Even if you cant stretch to enterprise class SSD's then there are cheaper alternatives there seek times beat the fastest 15K HDD's.

Good luck you probably wont save any money but will get a better system in the long run.


P.S.
Just had a quick look on NewEgg I don't think you are being vary realistic with your budget

SUPERMICRO AS-2042G-6RF 2U Rackmount Server Barebone Quad Socket G34 AMD SR5690/SR5670 DDR3 1600/1333/1066
Item #: N82E16816101321 $1,899.99

Seagate Constellation ES ST32000644NS 2TB 7200 RPM SATA 3.0Gb/s 3.5" Enterprise Internal Hard Drive -Bare Drive
Item #: N82E16822148610 $2,099.94 (6 @ $349.99 each)

Patriot Signature 16GB (2 x 8GB) 240-Pin DDR3 SDRAM DDR3 1333 (PC3 10600) ECC Registered Server Memory Model PS316G13ER2KH-E
Item #: N82E16820220554 $2,879.84 (16 @ $179.99 each)

AMD Opteron 6220 Interlagos 3.0GHz Socket G34 115W 8-Core Server Processor OS6220WKT8GGUWOF
Item #: N82E16819113028 $2,239.96 (4 @ $559.99 each)

areca ARC-1223-8I PCI-Express 2.0 x8 Low Profile SATA / SAS 8-Port PCIe 2.0 Internal SAS/SATA RAID Controllers
Item #: N82E16816151104      $470.00

Subtotal:       $9,589.73

& this doesn't include a SSD

P.P.S.
Don't forget to budget for the UPS.
We are not out of date, that much capacity using enterprise SSDs would far exceed the budget. SSDs are out of date anyway, for performance you can use NAND flash on a PCIe card, cost even more than SSDs though.
If your workloads are anywhere near mine, (and I have 650 users and run about 20 VMs per host), yo have too much RAM, too much CPU, and not enough disk IOPS. I have dual quad core Xeon 5400 servers with 72 GB RAM and 20 VMs and the physical CPU is at less than 10%. You can probably run everything on a single quad core processor. You can certainly do everything with an 8 core system. Anything more than that would be a waste of $$$ IMHO, unless you could justify more CPU. As has been pointed out, you have also proposed way too much RAM. Buy what you need now (plus a little more), and then add later as you need it and as prices come down. From what I can tell, 24 GB looks like enough RAM unless your web servers are running Java. You also have too many NICs. 4 NICs should be more than enough, especially since you probably only need 2 if you are not clustering.

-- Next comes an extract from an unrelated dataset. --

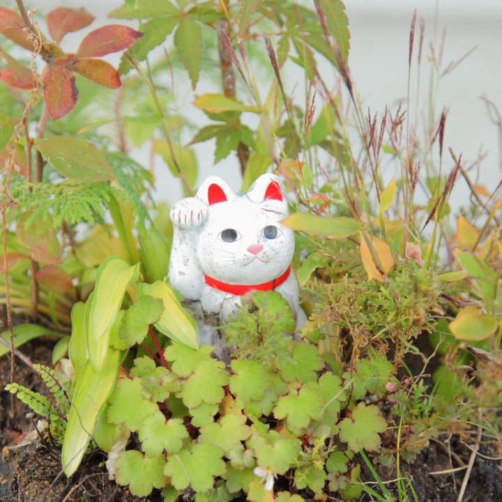 「まほろ堂 蒼月(まほろどう そうげつ)」は、世田谷線宮の坂駅から徒歩約3分。線路沿いの道にあり、のんびりと走る電車の窓からも見つけることができます。 2015年春にオープンしたお店は、シンプルで洗練された雰囲気。居心地のよいカフェスペースの窓辺では、ちょこんと座った招き猫がおいでおいでと手招きしています。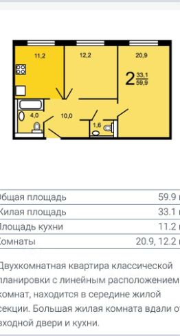 Продается светлая и уютная 2-комнатная квартира площадью 59.7 кв. м на 7 этаже современного 25-этажного монолитного дома, построенного в 2021 году. Квартира расположена на Люблинской улице, всего в 12 минутах пешком от метро Перерва. Высота потолков составляет 2.62 метра, жилая площадь — 33.1 кв. м, комнаты 20,9+12,2 кв.м., а кухня — просторные 11.2 кв. м.

Did you inlcude $$ for licensing Windows? Windows licenses can not be just transferred between hardware on a whim. My recommendation is to use single processor servers with a high core count, and then use Windows Datacenter to license each CPU on your hosts. Windows Datacenter is licensed per CPU, which is why you want to keep your CPU count down to just 1 per host. With that licensed CPU, you can run as many Windows Server VMs on that CPU as you want. The price for each Datacenter CPU license is about the same as a Windows Enterprise license. You should double check with Microsoft licensing to be sure that you can license just 1 CPU on a single CPU host.
As I understand it, you must get a MINIMUM of 2 CPU licenses with Datacenter.  Still, for a VM cluster, you'd only be able to use 2 machines with enterprise because of the transfer of license stuff.  So Datacenter would be best.
To run datacenter itself the minimum license is 2 CPUs/licenses, but for unlimited VM licenses you only need one CPU/license per server (if it's only got one CPU in it). There is a calculator at http://www.microsoft.com/windowsserver2003/howtobuy/licensing/calc_2.htm but I can't be bothered to install silverlight to use it.
So you're saying you can purchase two licenses and split them between 2 physical servers? I'd double check that understanding with MS
My Understanding is that if you INSTALL Datacenter, you need 2+ CPU licenses, but for VM licensing a single CPU host would only need a single CPU license.